В семитских языках корни - это глаголы, причем, как правило, состоящие из двух слогов, из трех корневых согласных (первоначальный тип реконструируется и в тех словах, которые в произношении стали односложными). При таком строении языка неизбежно возводить слово, означающее в еврейском "отец", к глаголу, выражающему желание, алкание, т. е. одновременно в нем содержится понятие потребности, восполнения, что и проявляется в произведенном от него прилагательном. В соответствии с этим - так можно было бы сказать - здесь выражено то философское понятие, что начало отеческого, будучи предшествующим, зачинательным, испытывает потребность в последующем. Против этого возражают, и по праву, говоря так: конечно же еврей не стал бы образовывать свое выражение для понятия "отец" от глагола, и притом столь философически, и он не мог знать абстрактное понятие желания и потребности раньше понятия отца, которое, естественно, входит в число самых первых. Однако речь-то не об этом; вопрос в том - не мыслил ли, пусть не еврей, но дух, создававший еврейский язык, тот самый глагол, именуя отца так, а не иначе, ведь и природа-созидательница, образуя форму черепа, уже имеет в виду нервы, которые пройдут сквозь него. Язык возник не кусками, атомистически, но как целое со всеми его частями, т. е. органически. Упомянутая взаимосвязь объективно заключена в самом языке, а потому не вложена в него людьми, с намерением.
О немецком языке Лейбниц говорит: "Philosophiae nata videtur" (он рожден для философии), и если только дух способен готовить для себя подходящие орудия, то здесь такая философия, которая не была еще на деле философией, приготовила себе орудие, пользоваться которым ей было суждено лишь позднее.

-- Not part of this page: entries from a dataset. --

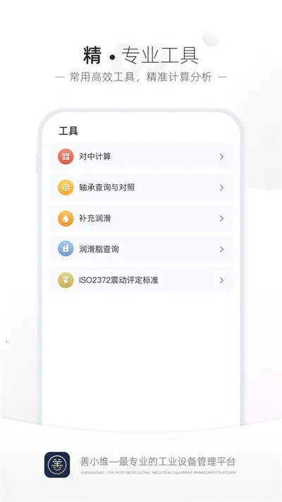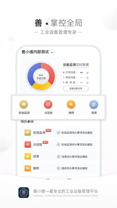 善小维2025最新版本是一款AES设备管理软件,可随时了解设备运行状态,实现数据管理。故障及时报警,方便维修。具备设备状态监测、点巡检、维修保养等功能,还有多项实用工具,与PC端同步,让工业维保更轻松。
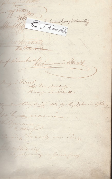 Weiter haben sich eingetragen : HUGO GRAF HUYN (1814-68, k.k. Kämmerer, Dienstkämmerer weiland des Kaisers Ferdinand); Franz de Paula von und zu Liechtenstein (* 25. Februar 1802 in Wien; † 31. März 1887 ebenda, österreichischer General); Abt HONORIUS BURGER (1788-1878, österreichischer Benediktinerpater, Historiker und Zeichner); MARIA CAROLINA VON NEAPEL-SIZILIEN (Herzogin von Berry, französisch Marie Caroline, princesse de Bourbon-Deux Siciles, duchesse de Berry (* 5. November 1798 in Palermo; † 16. April 1870 in Schloss Brunnsee bei Mureck, Steiermark, älteste Tochter des späteren Königs Franz I. beider Sizilien); ERZHERZOG JOSEPH VON ÖSTERREICH (1776-1847, Feldmarschall, Regent von Ungarn und ein Jahr später Palatin von Ungarn) 22.12.1843; JOSEF DANNHAUSER (Joseph Dannhauser,1805-45, österreichischer Maler und Grafiker der Biedermeierzeit) 1843, der bedeutendste dt. Dichter der Romantik JOSEPH FREIHERR VON EICHENDORFF (JOSEPH VON EICHENDORFF, 1788-1857); JOHANN MATTHIAS RANFTL (1804-54, österreichischer Maler und Grafiker) 1850; CARL RITTER VON STÄHLIN (Carl von Stählin, 1808-81, österr. Jurist, 1855 Ritterstand) 22.8.1855; LEOPOLD KUPELWIESER (1796-1862,
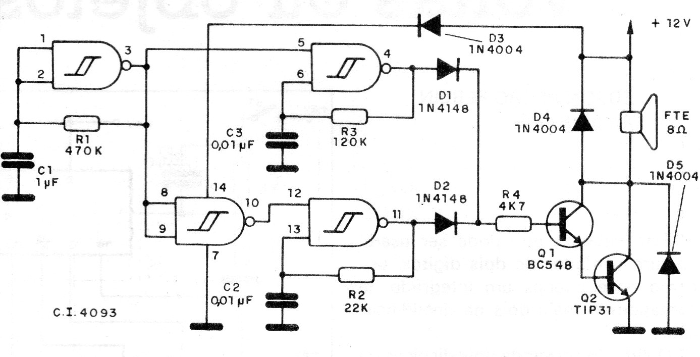 We found this circuit in a 1988 documentation, but the components used are still current. The circuit influences a power stage, where the transistor must be equipped with a good heat sink. The sound effect obtained can be modified by changing the capacitors. The supply is made with 12 V and a 2 A protection fuse must be included in series with the supply.
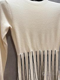 Abito bianco e nero, maniche lunghe, caldo e pesante.

Поскольку же без языка немыслимо не только философское, но и вообще человеческое сознание, то основы языка не могли закладываться сознательно - и тем не менее, чем глубже проникаем мы в язык, с тем большей определенностью обнаруживается, что глубина языка еще превышает глубину самого сознательного творческого порождения.
С языком дело обстоит как с органическими существами; нам кажется, что они возникают бессознательно, слепо, и, однако, мы не можем отрицать непостижимой преднамеренности их строения, вплоть до мельчайшей детали.

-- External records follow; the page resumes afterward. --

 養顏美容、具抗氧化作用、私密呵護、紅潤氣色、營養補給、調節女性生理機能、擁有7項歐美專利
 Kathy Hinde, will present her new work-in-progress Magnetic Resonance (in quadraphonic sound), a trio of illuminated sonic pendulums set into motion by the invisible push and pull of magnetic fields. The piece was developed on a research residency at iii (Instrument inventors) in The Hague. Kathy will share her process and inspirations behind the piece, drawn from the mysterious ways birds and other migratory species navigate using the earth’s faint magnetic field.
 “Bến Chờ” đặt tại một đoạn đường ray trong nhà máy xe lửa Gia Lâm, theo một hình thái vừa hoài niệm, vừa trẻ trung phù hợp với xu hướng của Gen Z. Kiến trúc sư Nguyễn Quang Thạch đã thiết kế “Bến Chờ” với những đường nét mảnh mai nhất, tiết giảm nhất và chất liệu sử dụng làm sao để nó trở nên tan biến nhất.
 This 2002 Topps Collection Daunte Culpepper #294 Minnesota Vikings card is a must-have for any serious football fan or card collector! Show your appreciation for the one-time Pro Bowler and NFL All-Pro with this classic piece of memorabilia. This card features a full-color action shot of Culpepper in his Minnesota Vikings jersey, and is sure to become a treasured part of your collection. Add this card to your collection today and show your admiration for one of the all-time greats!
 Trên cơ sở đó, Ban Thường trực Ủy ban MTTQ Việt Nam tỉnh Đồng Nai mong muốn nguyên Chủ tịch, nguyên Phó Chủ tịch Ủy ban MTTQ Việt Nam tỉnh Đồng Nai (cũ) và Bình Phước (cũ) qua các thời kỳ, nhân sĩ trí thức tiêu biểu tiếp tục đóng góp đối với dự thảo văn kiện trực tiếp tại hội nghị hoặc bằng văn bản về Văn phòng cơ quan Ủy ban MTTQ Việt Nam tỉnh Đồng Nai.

Так разве можно не замечать поэзию уже в самом материальном строении языков? Я говорю не о выражении духовных понятий, какие принято называть метафорическими, хотя поначалу, когда они возникали, их едва ли считали выражениями несобственными. Но какие же сокровища скрыты в поэзии! Поэт не вкладывает их в поэзию, а лишь как бы извлекает их оттуда, словно достает из сокровищницы, сам же лишь уговаривает язык отдать их ему. Но разве любое именование уже олицетворение, и если во всех языках вещи, допускающие противоположное, мыслятся или явно обозначаются как различающиеся по полу, если мы говорим: небо - оно, земля - она, пространство - оно, время - оно, то отсюда еще далеко до выражения духовных понятий в образах мужских и женских божеств.
Хочется даже сказать: сам язык - это лишь стершаяся мифология, его абстрактные и формальные различения сохраняют то, что мифология сохраняет в различениях живых и конкретных.

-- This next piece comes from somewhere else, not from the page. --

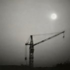 A silhouetted construction crane stands against a moody sky, with a bright full moon glowing above, creating a striking contrast in this atmospheric, monochromatic scene.
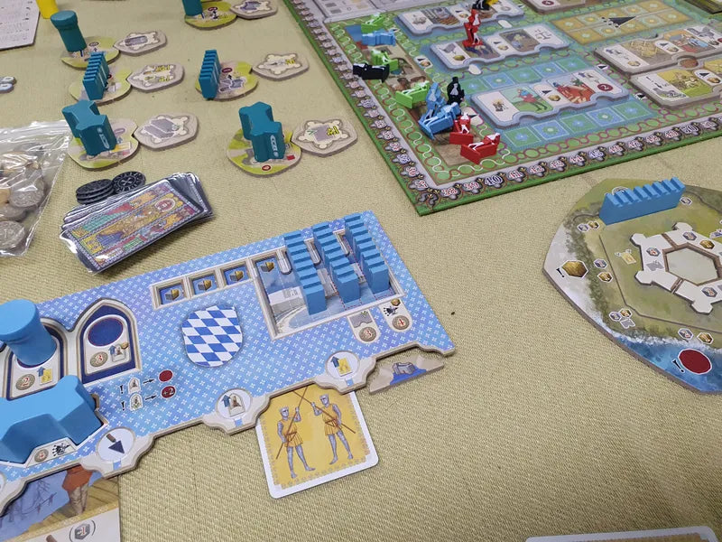 Puoi costruire torri, mura e maschi per potenziare la tua gestione: più spazio per risorse, più alleati da controllare, più flessibilità nelle azioni. Ogni miglioramento ti offre vantaggi concreti in un sistema di sviluppo modulare e profondo, tipico di un gioco da tavolo gestionale competitivo.

После всех этих размышлений склоняешься к тому, чтобы сказать так: в мифологии не могла действовать такая философия, которой надо было отыскивать свои образы в поэзии,- нет, сама эта философия и была, в существенном отношении, поэзией. И наоборот: поэзия, создавшая образы мифологии, не состояла в услужении у философии, которая отличалась бы от нее,- нет, она сама, притом в существенном отношении, была порождающей знание деятельностью, философией. Это последнее повлекло бы за собой то, что в мифологических представлениях содержалась бы истина, притом не случайно, но с известной необходимостью; первое повлекло бы за собой то, что поэтическое не было бы в мифологии привходящим моментом, но было бы чем-то внутренним, существенным и данным вместе с мыслью. Если философскую, или доктринальную, сторону назвать содержанием, поэтическую - формой, то содержание никогда не существует здесь для себя - оно возникает лишь в такой форме, оно поэтому срослось с нею до полной неотделимости. Тогда мифология была бы не просто естественным, но и органическим порождением,- вот значительный шаг в сравнении с чисто механическим способом объяснения! Мифология - нечто органическое и еще в одном отношении: поэзия и философия, каждая по отдельности, служат для нас принципом свободного, преднамеренного изобретения, однако они связаны, а потому ни одна не может, собственно, действовать свободно; итак, тогда мифология - это порождение деятельности свободной, однако проявляющейся несвободно, подобно тому как и все органическое возникновение свободно-необходимо, и мифология - это произведение непреднамеренно-преднамеренного, инстинктообразного изобретения (если слово "изобретение" вообще применимо здесь): такое изобретение исключало бы все просто придуманное и искусственное, с одной стороны, а с другой - позволяло бы нам рассматривать ее глубочайший смысл и самые реальные взаимосвязи в ней отнюдь не как просто случайное.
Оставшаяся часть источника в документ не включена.